Ayer dejé el libro abierto, cuando abro los ojos me molestan las blanquísimas páginas, donde se refleja la luz del flexo. Ayer también preparé un esquema; distribuí las lecciones que debo repasar entre las horas de estudio que me quedan. Así que me pongo a empollar. Leo, subrayo, anoto, no pienso en nada más que en el tema de turno...
Las cuatro, me levanto. Salgo de la habitación, entro en el baño, meo y me mojo las muñecas, las sienes y la nuca. Paseo unos minutos. Es noche cerrada, pero en la cocina y el salón no están las persianas bajadas, así que entra luz de la calle. Me acerco a una ventana; veo varios letreros luminosos y que en el bloque de enfrente solo hay una casa iluminada. Otro como yo, o un currante que se levanta ya, no sé.
Vuelvo. Llevo un cuarto de hora de adelanto. Si sigo a este ritmo terminaré el repaso y me sobrará tiempo, podré echarme otra vez. Eso me motiva aún más, ese sueñecito me recuperará del cansancio. Así que estudio con ganas, por un momento me invade el optimismo, pienso que el examen está chupado, que voy a por nota y que bien podría acostarme ya. ¿Ya?, suelto un juro y supero la crisis. Nueva lección. Estudio en barrena.

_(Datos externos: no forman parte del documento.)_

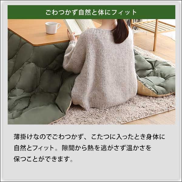 ダウン素材の薄掛けこたつ布団 正方形タイプ。薄型タイプなので、かさばらずすっきりとした印象を与えながら、キルティング加工でふかふかで高い保温性を誇ります。リバーシブルで気分に合わせて選べる色味を選べます。ダウン素材なので、撥水正も高く、ペットなどの毛も絡みにくいので、お手入れラクラク!自宅での洗濯もOK、使わない時は小さく仕舞える収納袋付き!

Las cinco, otro descanso. Esta vez cago y como unas magdalenas en un par de minutos, cuento seis pisos iluminados en el bloque de enfrente y me distraigo un ratillo mientras observo el cielo. Sigue nublado y oscuro, pero menos que antes. En fin, a quemar las pestañas. Mantengo los quince minutos de adelanto, pero no consigo aumentarlos. En ocho cuartos de hora –dos horas– he repasado nueve lecciones. Me quedan siete lecciones y ocho cuartos de hora hasta las siete de la mañana –entonces me afeitaré, me ducharé, me vestiré, desayunaré, iré a la universidad y me examinaré. Sé que estas lecciones, sobre todo las últimas, son las más difíciles y las que peor domino: las anteriores ya las estudié para un examen anterior, además toda asignatura siempre se complica al final. Pero no me altero: si tardo más de lo previsto, si pierdo el cuarto de hora que he ganado no pasa nada, ya dormiré después del examen, me digo. Sigo.
Las seis menos diez minutos. Justo cuando comienzo el tema trece escucho ruido de pájaros. Caigo en la cuenta de que quizá han comenzado antes, puede que lleven un rato y no me haya enterado. Así que intento concentrarme. Hasta que no termine esta lección no me voy a levantar para mover un rato las piernas, así que tengo que concentrarme como sea. Recuerdo que a veces leo en el salón, a solas, y no advierto el ruido del reloj de pared hasta que, de pronto, acabo un capítulo y, por así decirlo, se me abren los oídos, oigo el tic-tac que antes no oía. Así que sólo tengo que cerrar los oídos y ya está, problema resuelto.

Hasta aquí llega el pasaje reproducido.